▶ Dataset entries:
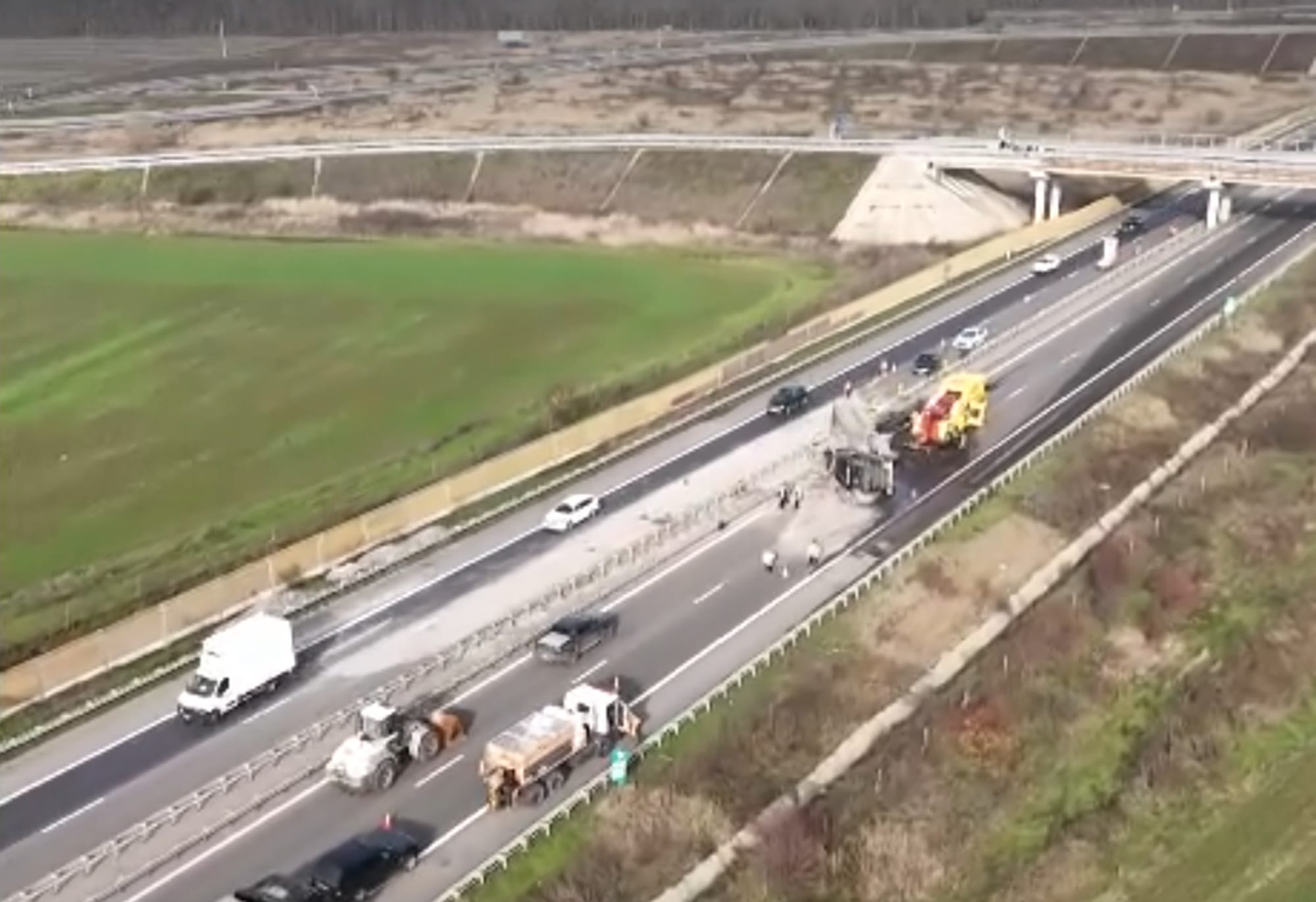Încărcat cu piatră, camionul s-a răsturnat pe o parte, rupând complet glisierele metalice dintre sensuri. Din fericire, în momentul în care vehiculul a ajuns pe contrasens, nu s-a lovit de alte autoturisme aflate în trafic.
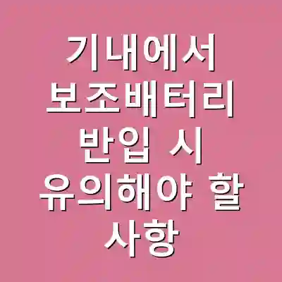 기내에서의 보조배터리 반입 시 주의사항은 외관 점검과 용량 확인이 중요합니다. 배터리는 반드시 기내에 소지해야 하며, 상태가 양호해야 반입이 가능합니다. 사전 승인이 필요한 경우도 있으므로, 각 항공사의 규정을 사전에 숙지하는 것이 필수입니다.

---

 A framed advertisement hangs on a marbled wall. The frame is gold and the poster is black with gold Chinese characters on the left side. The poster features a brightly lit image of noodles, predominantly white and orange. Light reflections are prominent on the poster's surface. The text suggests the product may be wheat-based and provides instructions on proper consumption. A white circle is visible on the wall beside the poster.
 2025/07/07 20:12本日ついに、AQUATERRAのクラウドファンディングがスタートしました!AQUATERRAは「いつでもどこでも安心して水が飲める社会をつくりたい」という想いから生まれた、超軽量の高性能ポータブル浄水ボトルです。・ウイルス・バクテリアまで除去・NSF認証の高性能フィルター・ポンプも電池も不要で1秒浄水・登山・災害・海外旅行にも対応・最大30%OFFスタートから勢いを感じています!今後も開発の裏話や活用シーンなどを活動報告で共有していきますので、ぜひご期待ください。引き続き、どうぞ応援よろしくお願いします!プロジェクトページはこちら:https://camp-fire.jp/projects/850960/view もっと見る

▶ Task item:
When copying from the data above, begin at the line containing "Încărcat cu piatră, camionul" and end at the line containing "기내에서의 보조배터리 반입"; return those lines exactly and leave all pictures behind.

▶ Solution:
Încărcat cu piatră, camionul s-a răsturnat pe o parte, rupând complet glisierele metalice dintre sensuri. Din fericire, în momentul în care vehiculul a ajuns pe contrasens, nu s-a lovit de alte autoturisme aflate în trafic.
 기내에서의 보조배터리 반입 시 주의사항은 외관 점검과 용량 확인이 중요합니다. 배터리는 반드시 기내에 소지해야 하며, 상태가 양호해야 반입이 가능합니다. 사전 승인이 필요한 경우도 있으므로, 각 항공사의 규정을 사전에 숙지하는 것이 필수입니다.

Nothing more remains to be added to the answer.